That seems right but at what interest rate as the one offered to SXX was thought to be 13% with strings attached.   It wasn't viable so they jumped into the arms of Anglo.  Did the directors of SO4 expect this to happen?  More a case of they should have known.


----------



## sptrawler (24 September 2021)

Lombard Odier a European asset management company, just picked up 72,000,000 shares, must be involved in some off market deal.
Interesting when reading the notice, it looks as though the shares were bought months ago, but the notice only lodged yesterday.
Suspension of trading extended till 07/10/2021



			https://cdn-api.markitdigital.com/apiman-gateway/ASX/asx-research/1.0/file/2924-02424861-6A1051611?access_token=83ff96335c2d45a094df02a206a39ff4


----------



## Dona Ferentes (1 October 2021)

SO4 out with Full Year Statutory Accounts and Corporate Governance Statement

from AFR:
"The company needs more money to fix its problems, and big investors  were approached about an equity raising in recent days, which the  company hopes to complete within the next eight weeks.

"*Assuming it can raise the required funds*, Salt Lake Potash said it *hoped to be producing potash before 31 March* next year.

"Lenders like Taurus Funds Management have security over the assets at Lake Way and the $US138 million debt arranged by Taurus carries interest rates of 9 per cent. Interest is charged at 12 per cent on a second $18 million loan with Sequoia Economic Infrastructure Fund.

"Salt Lake Potash is due to start repaying the Taurus syndicated loan on31 March, while repayments on the Sequoia loan commence on 11 April.



> _SO4 shares on the ASX were 31¢ when they went into a trading halt in July. But the reality is much worse; the Salt Lake Potash London listed shares have continued trading through the Australian halt, and have lost 80 per cent of their value since the Australian stock went into the trading halt._ _That suggests the Australian stock is now worth closer to 6¢, and any equity raising will likely need to offer a discount to that  price._




.......
_A close run thing coming up? ... DNH_


----------



## Dona Ferentes (1 October 2021)

noirua said:


> DISASTER! has struck at SO4 with a Trading Halt on the ASX and Suspension on London's AIM market due to a downgrade and future cash raising. Fortunately, I've already made a good deal since the price at GB£0.025 in 2015 so have held a watching brief for a few years now. Still, a share to ponder over but the  Sirius Minerals debacle has sent vast black clouds over the horizon.



and another 'fast and loose' play with S/holders' money.  Referring to the prior capital raisings,  ....



> _The fundraising exercise will be doubly important for Salt Lake Potash chairman Ian Middlemas, who chairs a second ASX listed company that surprised investors by purchasing more than 44 million shares in Salt Lake Potash over the past year at between 40¢ and 50¢ per share.

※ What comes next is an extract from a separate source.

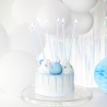 Efektowna dekoracja urodzinowa na tort. Długie świeczki w kolorze niebieskim.

That company, Equatorial Resources, was an African iron ore aspirant with no obvious connection to Western Australian potash.
> Equatorial appears to have burned money on the Salt Lake Potash investment _....


----------



## noirua (2 October 2021)

Https://simplywall.st/stocks/au/materials/asx-so4/salt-lake-potash-shares

Short Term Liabilities: SO4's short term assets (A$137.4M) exceed its short term liabilities (A$29.9M).

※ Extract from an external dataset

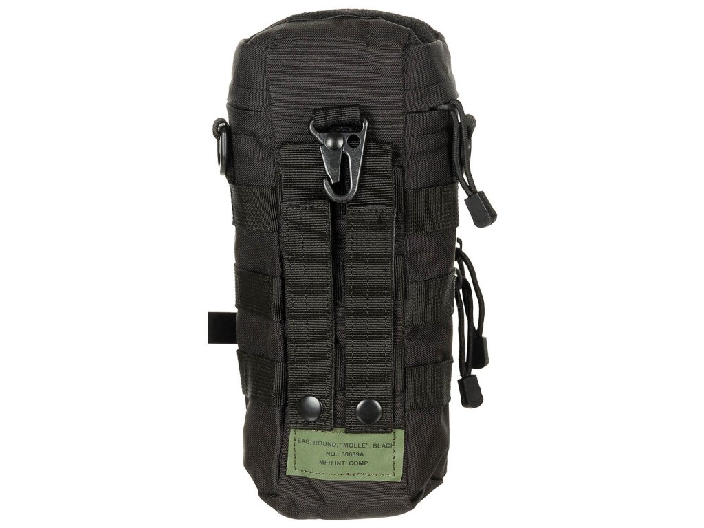 velká hlavní přihrádka s víkem na zip, přední kapsa na zip, velcro pásky, 2 D-kroužky, 1 karabina, průměr: 11 cm, výška: 25 cm, 100% polyester, MOLLE pásky pro snadné uchycení na pásek/batoh

Long Term Liabilities: SO4's short term assets (A$137.4M) do not cover its long term liabilities (A$153.9M).

Present Market cap at 3.30p on London's AIM market - 6.1c  = A$50 million.

Https://images.simplywall.st/company/735EF319-6C7E-4336-A4B3-EA4E5F40DAED/map?theme=dark​​


----------



## noirua (15 October 2021)

Matters have worsened and SO4 have tanked to 2p - 2.05p  3.7c: 3.8c at the close on London's AIM. I bought shares near the close at 2p 3.6c.

A view. Is it worth  a light? Well I wrote it and still don't know for sure but a number of investors piled in with me near to the closing bell as MMs accepted 2p - 2,750,000 shares were picked up:


The market cap is now £16.53m A$30.7m at 2.025p 3.75c against £153m A$285m at the time of the May cash raising at A$0.35 18.8p.
https://company-announcements.afr.com/asx/so4/8bde00d8-f10d-11eb-a4a8-aa3aec6feb6b.pdf




__





						Stockness Monster!
					





					stocknessmonster.com
				



The lenders are in a catch 22 position here as the company is bust if they walk away. If there are no buyers they lose everything. So it is likely that all loans will be restructured.​​


----------



## noirua (17 October 2021)

A lot of shares traded on London's AIM market Friday - a total of nearly 27 million. Buyers arrived late Thursday to mop up shares sold-off during the day. On Friday was a mixed picture with a rise of 40% which drifted back to 16% at the close. 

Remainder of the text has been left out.